Все эти открытия, как вы видите, сделали еще менее правдоподобным представление о том, что бесчисленное количество всех тех адаптаций, что появились в ходе эволюции у всех живых существ и позволили им выжить, стали следствием лишь случайных незначительных изменений в отдельных генах. Если удаление целого гена зачастую не приводит ни к каким последствиям для его носителя, то как такие незначительные изменения могли стать единственным двигателем эволюции живых существ, в ходе которой они обзавелись всеми этими удивительными механизмами адаптации друг к другу и к окружающей среде?
Скорее всего, никак.
* * *
Французский мыслитель и исследователь законов природы Жан Батист Ламарк [113] на фоне выпуска в 1809 году своей книги под названием «Философия зоологии» популяризовал некоторые из современных представлений об эволюции и наследственности. Анналы истории развития теории эволюции гласят, что Ламарк стал в каком-то смысле безрассудным ученым, продвигавшим ряд ошибочных эволюционных теорий, и в конечном счете «проиграл» интеллектуальную войну Чарлзу Дарвину.
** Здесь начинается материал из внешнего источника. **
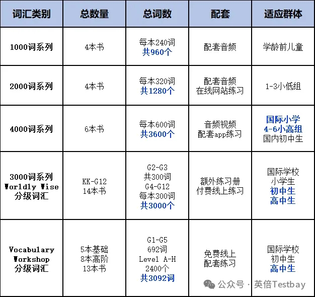 上图总结了不同阶段孩子可以学习的词汇书和词汇量,我们会发现: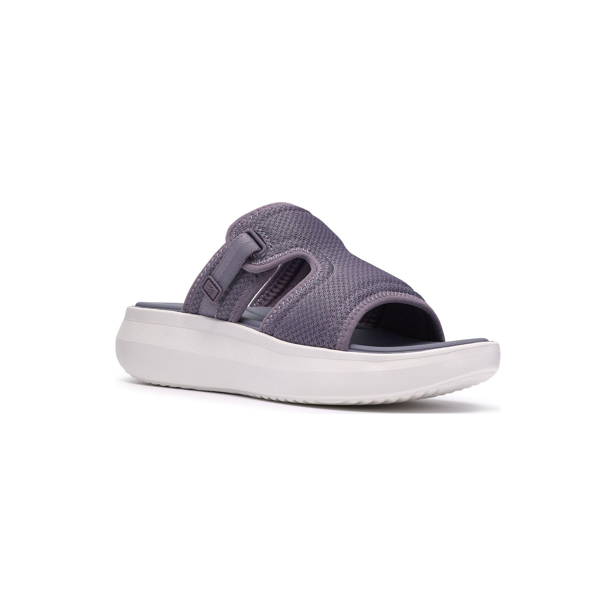 Step into comfort with these Clarks wedge sandals that are all about keeping your feet happy and stylish. With breathable uppers that let your toes breathe and an ultra-light outsole that feels like walking on clouds, you'll be ready to tackle whatever the day brings, whether you're out for a stroll or dancing the night away. Click this FOOTWEAR GUIDE to find the perfect fit and more! - https://www.kohls.com/feature/shoesizeguide.jsp. FEATURES: Breathable uppers keep things cool and fresh, Adjustable hook-and-loop tape strap offers a secure, custom fit, PillowSoft™ footbed provides cloud-like cushioning, Solevana Foam offers a super-light outsole that softens every step. MATERIAL & CARE: Textile upper, EVA outsole, Textile lining, Foam footbed, Spot clean. DETAILS: Hook-and-loop tape closure, Multi-directional outsole, Open toe, 1.96-in. heel height, Imported. Size: 8. Color: Purple Gray. Gender: female. Age Group: adult. Material: SYNTHETIC.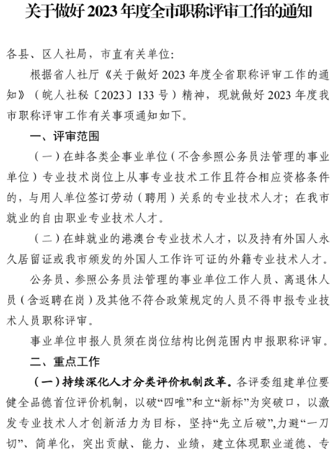 关于做好2023年度全市职称评审工作的通知(蚌人社秘〔2023〕106号)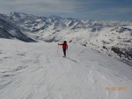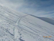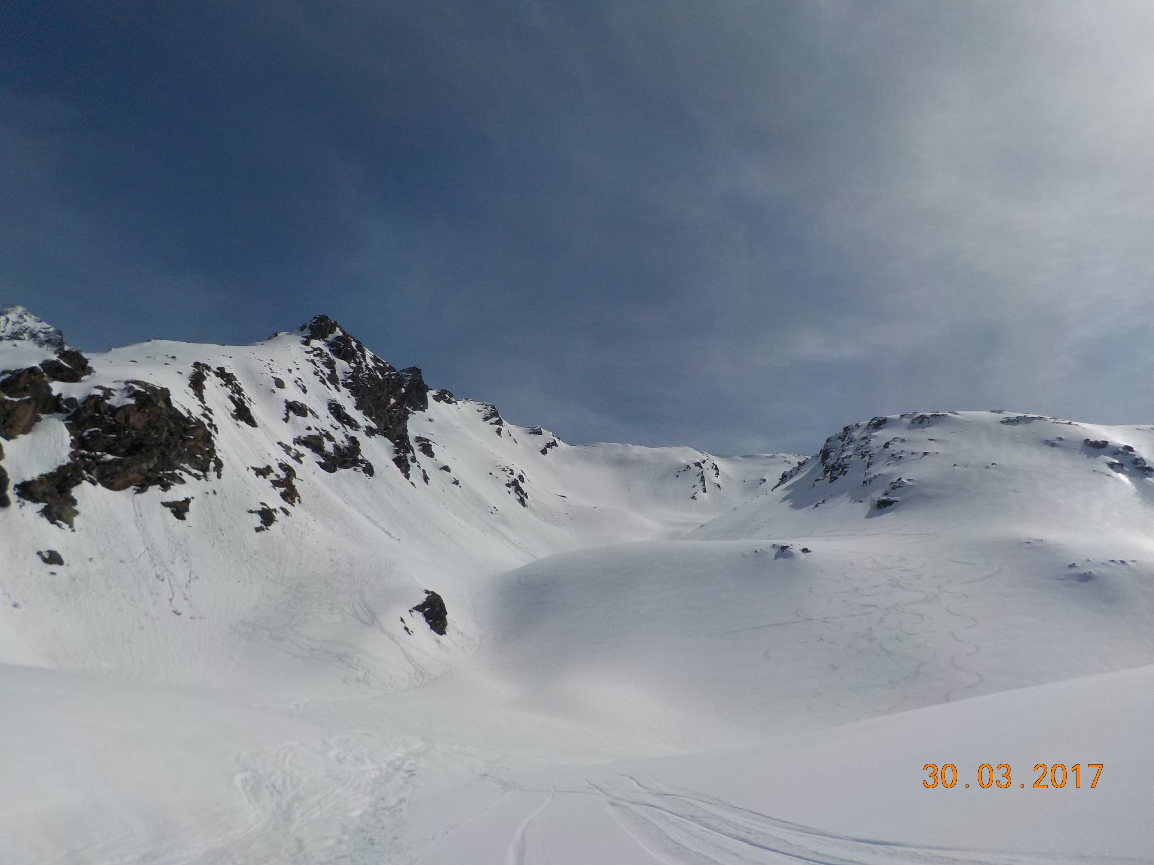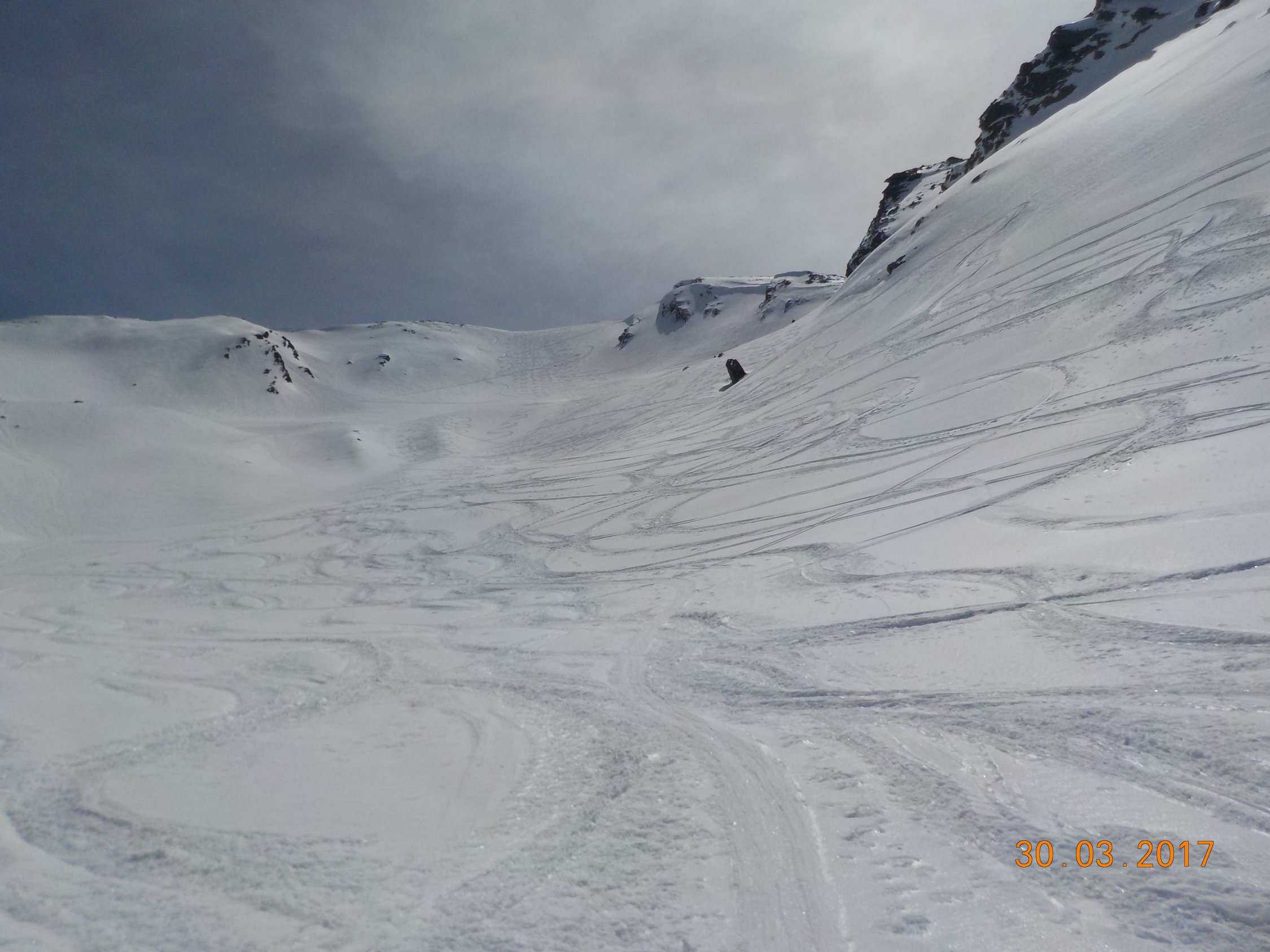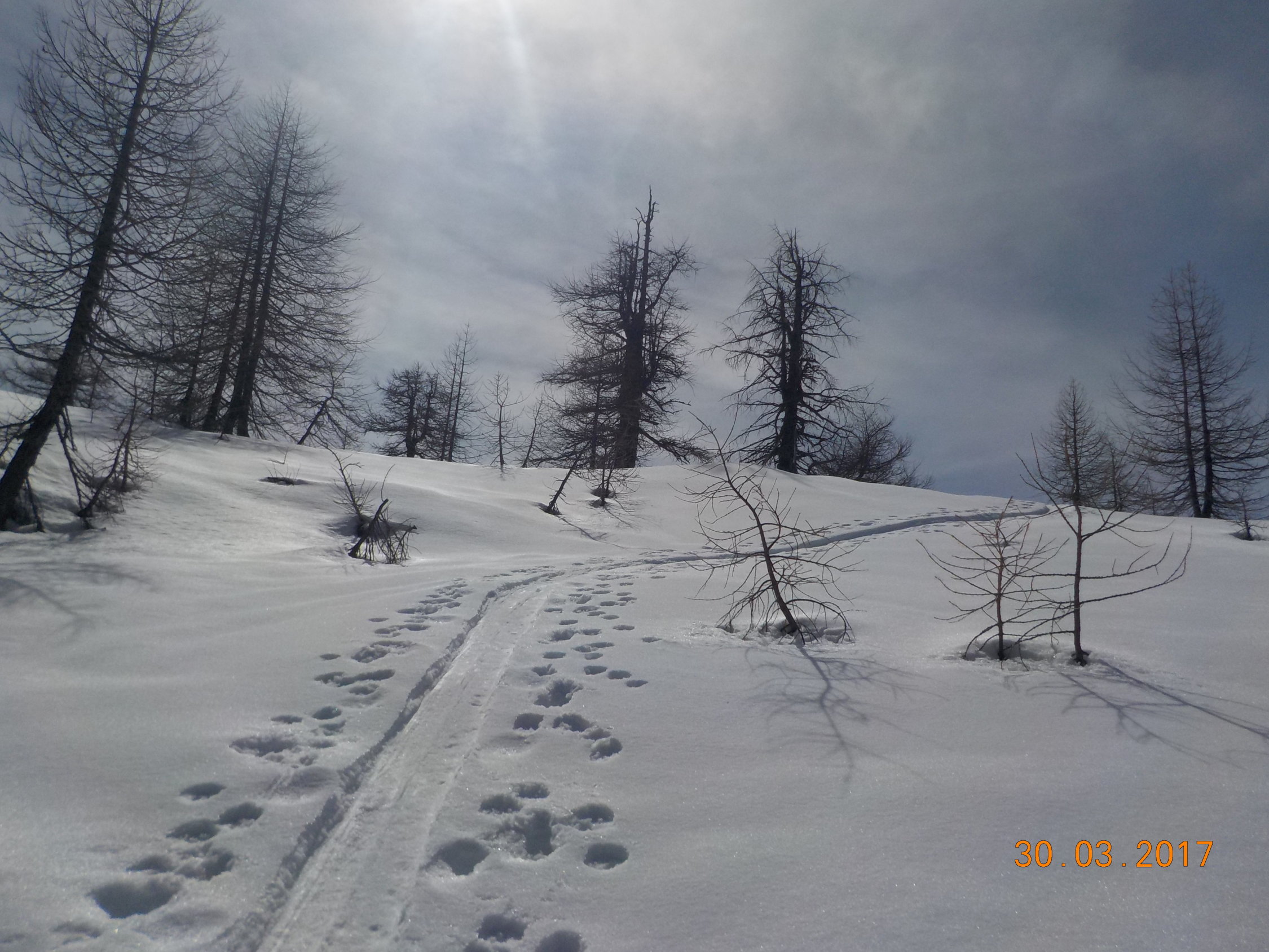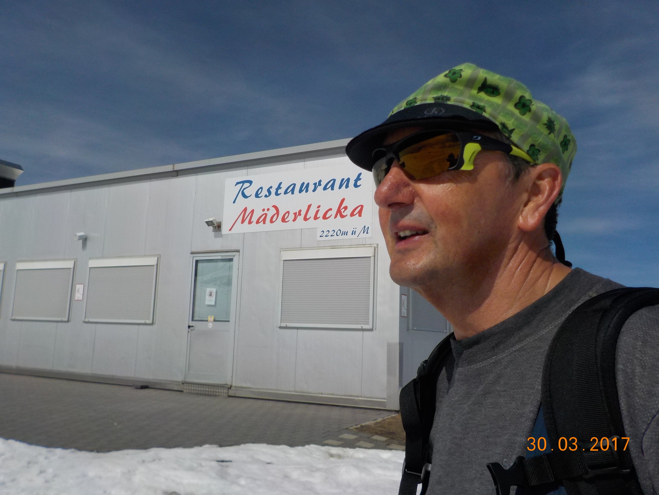 Die ersten 50 m aper. Aufstieg auf meistens kompaktem Sulzschnee bis zum Restaurant Mäderlicka. Mit jedem weiteren Meter wird der Schnee besser, schliesslich in Pulverschnee zur Mäderlicka.

Согласно общепринятой версии, Ламарк был главным сторонником теории о наследовании приобретенных признаков. В основе этой теории лежит идея о том, что признаки, приобретенные родителями в течение их жизни, могут быть переданы их потомкам. Так, например, считается, что Ламарк полагал, будто длинные шеи жирафов стали следствием того, что каждое поколение тянулось все выше и выше к верхушкам деревьев, чтобы достать расположенные вне зоны досягаемости других животных листья, или что у кузнеца сын будет с сильными руками, потому что его отец нарастил все эти мышцы, размахивая молотом по наковальне. Согласно кружащим вокруг Ламарка мифам, появился Дарвин и доказал, что Ламарк ошибался, развенчав предположение о том, что приобретенные родителями в течение своей жизни признаки могут передаваться их потомкам.
На самом же деле мало что из всех этих историй является правдой. Совершенно справедливо то, что Ламарк был больше философом, чем ученым, а его книга была больше любительским описанием представления об эволюции того времени, предназначенным для широкого круга читателей, чем научным трактатом. Ламарк действительно продвигал концепцию «наследования приобретенных признаков», однако точно так же он продвигал и концепцию эволюции в целом – ничего из этого не было придумано им, и он вовсе не пытался выдать уже существующие факты за свои собственные открытия. В те времена идеи о наследовании приобретенных признаков придерживались многие – в том числе и Дарвин. Дарвин даже поблагодарил Ламарка в своей знаменитой книге «Происхождение видов» за его вклад в популяризацию идеи эволюции.
К несчастью, бедный Жан Батист стал жертвой попавшей в школьные учебники версии теории, которая не была разработана им самим. В какой-то момент один популяризатор науки (чье имя затерялось в истории) решил, что Ламарк был ответствен за появление идеи о наследовании приобретенных признаков, а следующие поколения популяризаторов науки унаследовали эту идею от него и передали ее дальше. Другими словами, кому-то пришло в голову возложить вину за эту теорию на Ламарка, и многие другие люди повторили это за ним – так эта ложная информация, подобно слуху, дошла и до наших дней. Школьные учебники по-прежнему рассказывают о нелепых последователях Ламарка, отрезавших хвосты у мышей из поколения в поколение и тщетно ожидавших появления на свет бесхвостых мышей.
Знаете, что самое любопытное во всей этой теории о наследовании приобретенных признаков, которая привела к всеобщему порицанию деятельности Ламарка? Эта теория, конечно, не совсем верна, однако и в корне ошибочной ее тоже назвать нельзя.